Capítulo 14
Cuando el muchacho despertó, tuvo la sensación de que había dormido durante mil años, y se sintió seguro de que abría los ojos a un mundo inesperado. Las nieblas grises flotaban lentamente entre los primeros esfuerzos de los rayos del sol. Al este podía verse en el cielo un incipiente esplendor. Un rocío helado le había enfriado la cara, e inmediatamente después de despertarse se hundió más profundamente en las mantas. Miró fijamente unos momentos las hojas que estaban encima de él, moviéndose al viento, heraldo del día.
La distancia estaba estallando y resonando con el ruido de la lucha. Había en este ruido una expresión de persistencia mortal, como si nunca hubiera empezado y nunca fuera a acabar.
Cerca de él había filas y grupos de hombres a los que apenas había visto la noche anterior. Estaban apurando su último trago de sueño antes de despertar. Los rasgos afilados, macilentos, y las figuras polvorientas eran evidentes en esta extraña luz del amanecer, pero ésta teñía también la piel de los hombres con tonalidades de cadáver y hacía que las mezcladas extremidades aparecieran sin pulso y muertas. El muchacho se sobresaltó con una sorda exclamación cuando sus ojos se posaron por primera vez sobre esta masa inmóvil de hombres, apretadamente esparcidos sobre el terreno, pálidos y con extrañas posturas. Creyó por un instante que se hallaba en la casa de los muertos, y no se atrevió a moverse por miedo a que los cadáveres se irguieran, graznando y chillando. Al cabo de un momento, sin embargo, su mente volvió a la normalidad. Se dirigió a sí mismo una complicada imprecación. Vio que este cuadro sombrío no era un hecho del presente, sino una mera profecía.
Oyó entonces el ruido de la hoguera chisporroteando vivamente en el frío ambiente y, volviendo la cabeza, vio a su amigo que se afanaba junto a una pequeña llama. Unas cuantas figuras más se movían en la niebla y oyó el duro chasquido de los hachazos.
De repente se oyó un hueco sonar de tambores. Una corneta lejana cantó débilmente. Sonidos similares, de intensidad variable, llegaban del bosque, de puntos cercanos y alejados. Las cornetas se llamaban unas a otras como atrevidos gallos de pelea. Retumbó el trueno cercano de los tambores del regimiento.
El cuerpo de hombres en los bosques se agitó.
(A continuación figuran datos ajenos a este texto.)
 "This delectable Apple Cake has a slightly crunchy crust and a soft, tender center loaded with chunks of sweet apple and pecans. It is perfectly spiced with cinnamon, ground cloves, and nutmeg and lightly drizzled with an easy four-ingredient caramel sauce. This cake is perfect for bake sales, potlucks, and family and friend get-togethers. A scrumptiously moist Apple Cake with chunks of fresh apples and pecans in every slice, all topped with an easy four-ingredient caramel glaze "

Hubo un levantamiento general de cabezas. Un murmullo de voces se rompió en el aire. Había en él el contrabajo de los reniegos refunfuñantes y se apostrofaba a extraños dioses condenando las tempranas horas necesarias para una guerra regulada. El tenor sonó perentorio en la voz de un oficial y avivó el movimiento rígido de los tambores. Las extremidades mezcladas se ordenaron. Las caras con tintes cadavéricos se escondieron tras puños que frotaban las cuencas de los ojos, revolviéndose lentamente.
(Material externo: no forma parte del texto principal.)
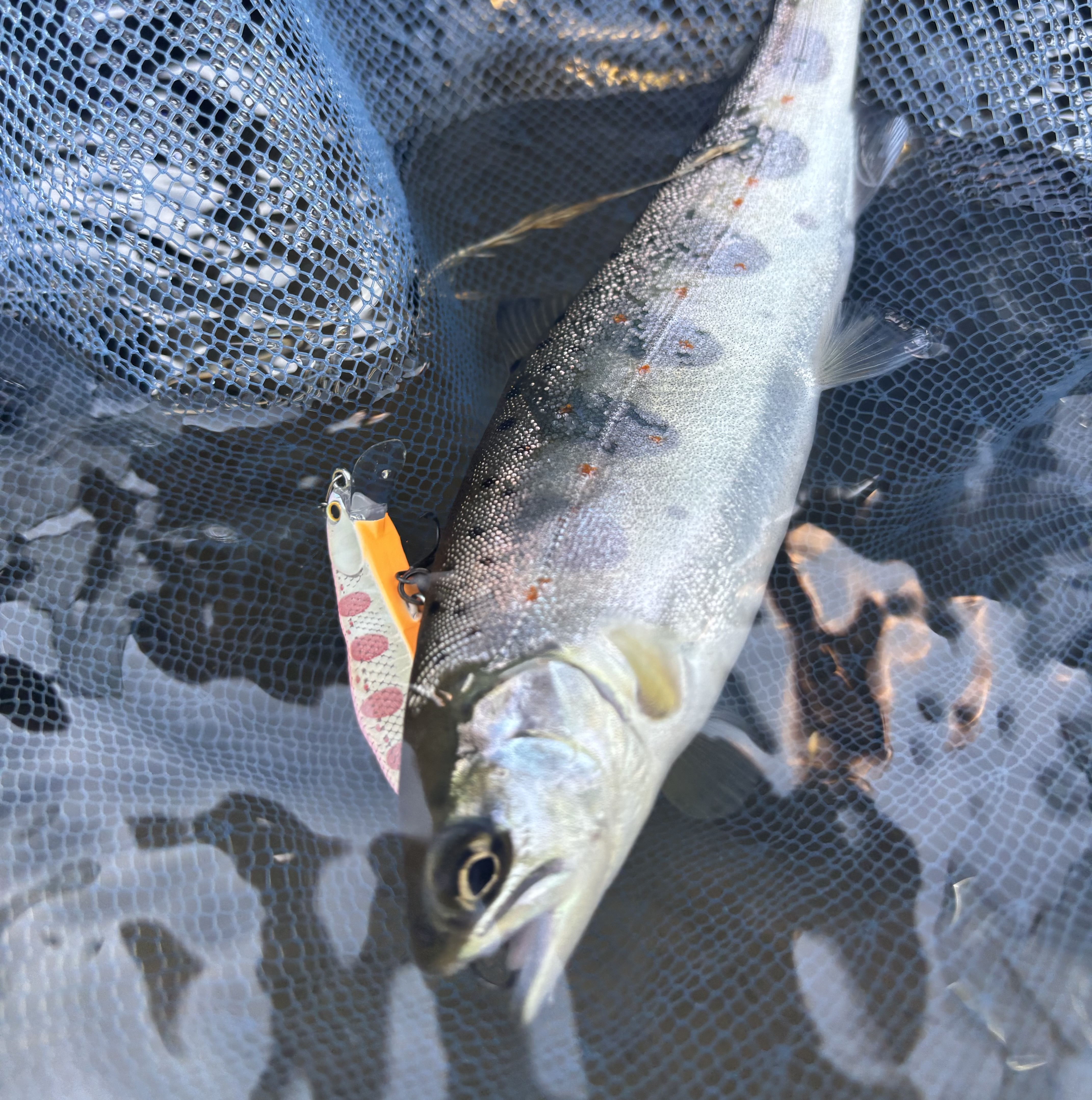 アマゴを釣りたい!と言うことで行ってきました長良川本流!川のコンディションは良いとの事!がしかし、日曜日という事もあり入りたいポイントには先行者が…チェイスはあるもののあと少しで見切られる。厳しい状態が続き時間だけが過ぎ、ポイントを点々と気づけば4時間経過…人がどいて入り直したタイミングでメテオーラ45で初のバイト!可愛いアマゴをGET!その後すぐHIT!さっきより強い引き!25cmないぐらいの良型でした!その後は増水したのもあり終了。思ってたより厳しい結果でしたが、いつ掛かるか分からないドキドキ感であっという間に時間が過ぎました!

El muchacho se sentó y profirió un enorme bostezo.
—¡Demonios! —exclamó petulantemente. Se restregó los ojos, y luego, levantando la mano, tocó cuidadosamente el vendaje que tenía sobre la herida. Su amigo, viéndolo despierto, se le acercó desde el fuego.
—Bueno, Henry, ¿cómo te sientes esta mañana, viejo? —le preguntó.
El muchacho bostezó de nuevo. Después frunció los labios en un leve gesto. En verdad, la cabeza la sentía precisamente como un melón y había una desagradable sensación en su estómago.
—¡Oh Dios, me siento muy mal! —dijo.
—¡Demonios! —exclamó el otro—. Esperaba que te encontrarías bien esta mañana. Déjame ver el vendaje…; me parece que ha resbalado… —y empezó a manosear la herida de manera bastante torpe, hasta que el muchacho explotó:
—¡Por todos los demonios! —exclamó con aguda irritación—. Eres el hombre más desmañado que conozco. Tienes las manos como mazas. ¿Por qué demonios no tienes más cuidado? Preferiría que te apartaras y me echaras los cañones encima. Ahora ve despacio y no hagas como si estuvieras clavando clavos en una alfombra.
Miró con insolente autoridad a su amigo; pero éste le respondió apaciguadoramente:
—Vamos, vamos, ven a comer algo —le dijo—. Entonces quizá te sentirás mejor.
Junto al fuego, el joven soldado jactancioso se cuidaba de atender a su amigo con preocupación y ternura. Se hallaba muy ocupado dirigiendo el tráfico de las pequeñas tazas vagabundas de negra hojalata y vertiendo en ellas la humeante mezcla de color de hierro que sacaba de una pequeña vasija de tiznado latón. Tenía un poco de carne fresca, que asó apresuradamente en el extremo de un palo. Luego se sentó y contempló el apetito del muchacho con alegría.
El joven se dio cuenta de que había un notable cambio en su camarada desde aquellos días de vida de campamento a la orilla del río. No parecía estar ya considerando continuamente las proporciones de sus proezas personales. No se sentía furioso ante pequeñas palabras que hirieran su orgullo. Ya no era un joven soldado jactancioso. Había ahora en él una noble seguridad. Mostraba una callada fe en su propósito y en su habilidad. Y esta íntima confianza, evidentemente, le permitía mostrarse indiferente a las pequeñas palabras que otros hombres le dirigían.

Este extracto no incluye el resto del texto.